Ülke genelindeki 31 sivil toplum kuruluşunun üyeleri ‘Washington Ulusal Katedrali’nde bir araya gelip ortak mesaj vermişler. Shoulder to Shoulder (Omuz Omuza) adlı sivil toplum kuruluşu tarafından düzenlenen program, ezan okunmasıyla başlamış. Katedraldeki ezan, ABD’de Amerikalılar tarafından inşa edilen ilk cami olma özelliğine sahip Washington Muhammed Mescidi’nin imamı Talib Shareef tarafından okunurken, Pensilvanya Üniversitesi görevlisi Kameelah Mumin Rashad da ezanın tarihi ve anlamına ilişkin bilgiler aktarmış. (AA, 23 Ekim 2015)

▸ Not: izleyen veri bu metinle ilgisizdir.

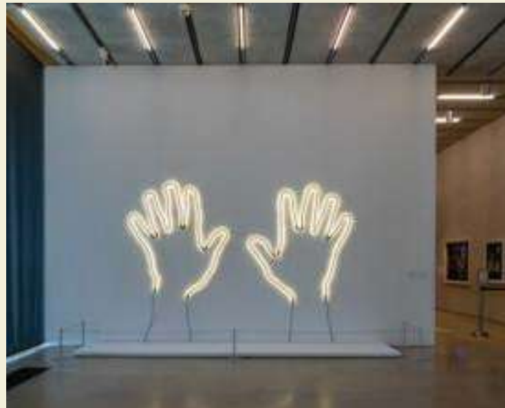
TOP: Wynwood Walls; MIDDLE: Penetrável Macaléia by Hélio Oiticica at Pérez Art Museum Miami; BOTTOM: Notes for a Poem on the Third World, Glenn Ligon, Pérez Art Museum Miami

Washington Ulusal Katedrali’nden rahibe Gina Gilland Campbell, “Bugün buradan dillendirdiğimiz çağrı sadece dinî özgürlüklere yönelik bir çağrı değildir, bu aynı zamanda demokrasi için de bir çağrıdır” diye konuşmuş.

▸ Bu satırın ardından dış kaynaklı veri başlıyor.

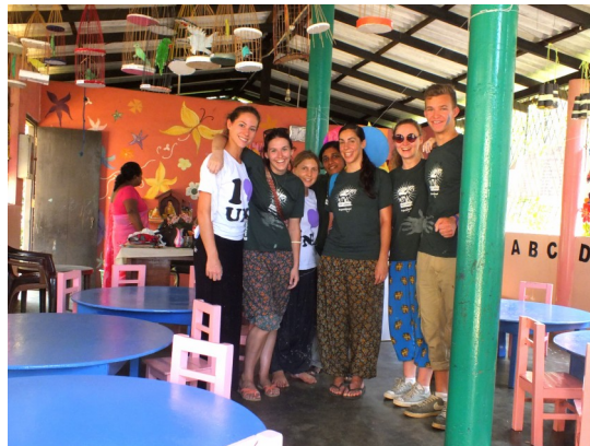
Volunteers after the "dirty day"

We had our small dirty day at the Dutch Anne Pre-school on 24 th January. Our aim was to paint the desks, chairs and the inside walls. The pre-school started the new term for 2014 and they have newly enrolled children, so a color wash was needed to look more appealing to the new children. Most of the teaching and care volunteers were involved in this, as well as the medical interns also gave a hand. Firstly, all the vol-

Kuzey Amerika İslâm Toplumu Başkanı İmam Muhammed Mecid de, siyasetçilere çağrıda bulunarak, “Doğrunun yanında olun ve bu ülkedeki bütün dini özgürlükleri koruyun” şeklinde çağrı yapmış. Katedraldeki programın ardından sivil toplum kuruluşlarının temsilcileri, ortak çağrıyı içine alan ortak metni imzalamışlar.
“İslâmdan korku”nun bu kadar teşvik edildiği, insanların yalan yanlış bilgilerle ‘fıtrat dini İslâm’dan uzaklaştırılmaya çalışıldığı bir vasatta, bir katedraldeki toplantıda Ezan-ı Muhammedi’nin okunması ve Kur’ân’ın tanıtılması isabetli bir faaliyettir.
Bu ve benzer toplantılarda itiraz edilebilecek beyanlar da olabilir, ancak bunlar umumî faydayı görmezden gelmemize sebep olmamalı. Varsa hatalar, fıkhî ve itikatî yanlışlar; onlar da uygun lisanlarla izah edilmeli ve insanların ‘fıtrat dini İslâm’a koşmaları teşvik edilmeli.
Uluslar arası ifsat şebekeleri istemese de, İslâmın kalpleri fetih süreci devam ediyor ve kıyamete kadar da devam edecek inşallah.